위 solution은 approximate solution이기에 KL constraint를 위반할 수 있고, objective를 maximize하지 않을 수도 있다.

위 식을 이용해 line search를 통한 update가 가능하다.

\[\theta_{k+1} = \theta_k + \alpha^j\sqrt{\frac{2\delta}{g^T H^{-1} g}} H^{-1} g\]

여기서 $\alpha \in (0,1)$은 backtracking coefficient, $j$는 KL constraint를 만족하면서 positive objective를 만드는 최소한의 양의 정수를 말한다.

하지만, 역행렬 $H^{-1}$의 계산 비용은 무척 높은 관계로 위 방법은 거의 사용되지 않는다.

Issue of TRPO

따라서, TRPO 문제를 해결하는 또 다른 방법은 Lagrange multiplier $\lambda$를 이용하는 것이다.
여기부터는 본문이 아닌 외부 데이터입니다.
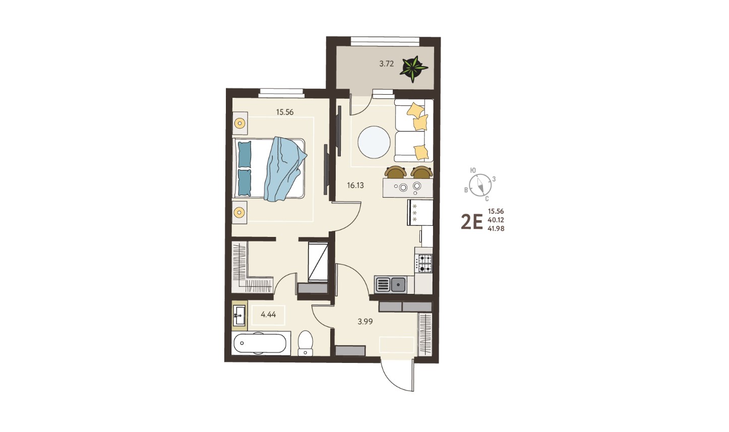 Общая площадь квартиры 41,98 кв.м. Жилая комната с кладовой 15,56 кв.м. Кухня-гостиная 16,13 кв.м. Совмещенный санузел. Просторная застекленная лоджия.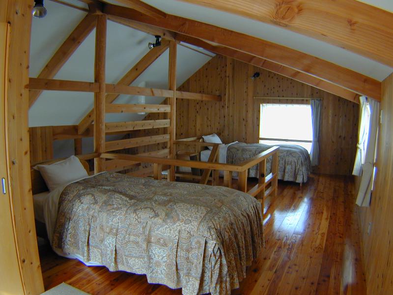 コテージの中は吹き抜けとなっております。2階はこんな感じです。

\[\max \, \mathbb{E}_{\pi_\theta} \left[ \frac{\pi_\theta(a \mid s)}{\pi_{\theta_{\text{old}}}(a \mid s)} A^{\pi_{\theta_{\text{old}}}}(s, a) - \lambda KL(\pi_{\theta_{\text{old}}}(\cdot \mid s), \pi_\theta(\cdot \mid s)) \right]\]

이러한 방식은, constraint를 penalty로 전환하는 것으로, 이론적인 관점에서는 다루기가 더 쉽기 때문에 좋게 볼 수도 있다. 하지만, 실제로는 하나의 $\lambda$ (penalty term)을 선택하는 것은 무척 어렵다. 이는 문제마다 다르고, 또 하나의 문제 내에서 최적의 $\lambda$ 값은 학습을 진행함에 따라 바뀌기 때문이다.

따라서, 이러한 TRPO의 계산적 어려움을 극복할 수 있는 개선된 방법이 요구되었다.

Proximal Policy Optimization (PPO)

PPO는 TRPO의 계산적 어려움을 개선한 알고리즘이다. 두 알고리즘은 policy의 급격한 변화를 방지하면서 policy에 대한 개선을 진행한다는 점에서 같은 목적을 갖는다. 하지만, TRPO는 복잡한 second-order optimization을 사용하는 반면, PPO는 몇 가지 trick을 가미한 first-order method를 사용하기 때문에 훨씬 쉽게 구현이 가능하면서도, 더 나은 성능을 보여준다.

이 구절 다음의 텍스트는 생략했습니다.